As the third-generation to run W.E. Kellum Seafood — his family’s business which commercially harvests oysters from waterways off the Chesapeake Bay in Weems, Va. — he’s been through droughts, severe storms and years of diseases that killed oysters and made his profits fluctuate.
But after years of Virginia’s careful management of harvests to allow for spawning, he and state officials are more hopeful this season and expect the largest commercial harvest of the shellfish in 30 years.
“We had fallen to a harvest low, and then it plateaued, and now we’re at a major increase in oyster production,” Kellum said. “It’s exciting. I didn’t think I’d see this in my career.”

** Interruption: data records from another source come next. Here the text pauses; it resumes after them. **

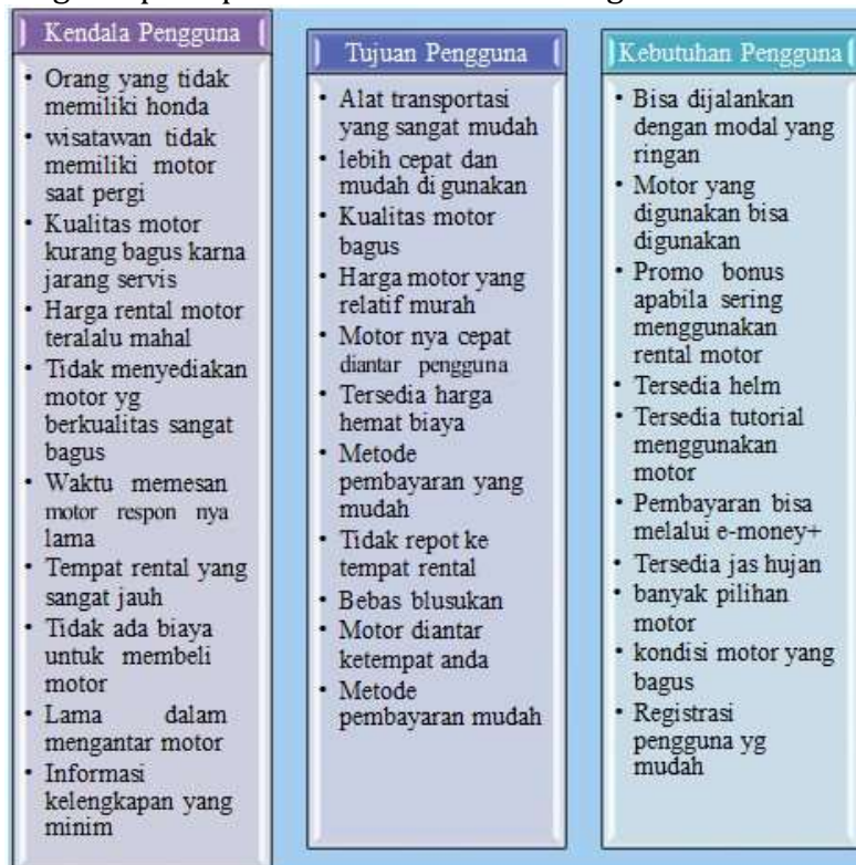
Gambar 2. Affnity Map

Tahapan Empathize ini melakukan sebuah observasi dan wawancara baik secara langsung maupun tidak langsung. Observasi dilakukan dengan cara mempelajari proses bisnis sebagai bahan referensi fitur-fitur yang akan digunakan dan dibutuhkan pada aplikasi. Selanjutnya dilakukan pembuatan affinity map atau affinity diagram. Affinity map atau affinity diagram merupakan teknik yang digunakan dalam melakukan proses user research untuk mendapatkan berbagai macam wawasan dan juga peluang yang muncul. Hasil dari proses Affinity Diagram pada penelitian ini adalah sebagai berikut: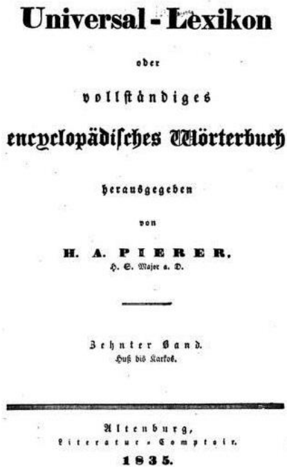
Слика 4: Насловна страна једног тома енциклопедије Universal-Lexikon, oder Vollständiges encyclopädisches Wörterbuch .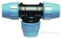
Тройник компрессионный до 63 диаметра PN16, 75-110 - PN10.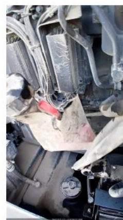
FOTO DA VARETA DE ÓLEO LUBRIFICANTE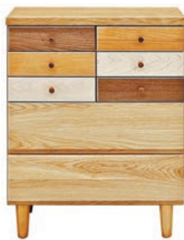
■日式手工木製衣物櫃，外形美觀。

丸吉民藝傢具另一款時尚設計為八桶衣櫃，上半部為左右並列兩排的6個櫃桶仔，下半部則為兩個大櫃桶，設計無論色彩和外觀感覺都十分優雅，實用又美觀。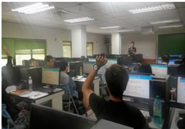
圖 9-EndNote X7 課程

Virginia estimates that commercial oyster businesses will harvest 300,000 bushels this season in public fishery areas. Maryland expects to harvest 600,000 bushels, marking the fourth consecutive year the state has seen harvest increases. Because Maryland has more public fishery areas, its harvests tend to be larger than Virginia, officials said.
Commercially harvesting oysters is a tough, multimillion dollar business in the D.C. region. The season runs roughly from the early fall to late spring in each state. Final harvest numbers will come in by early summer.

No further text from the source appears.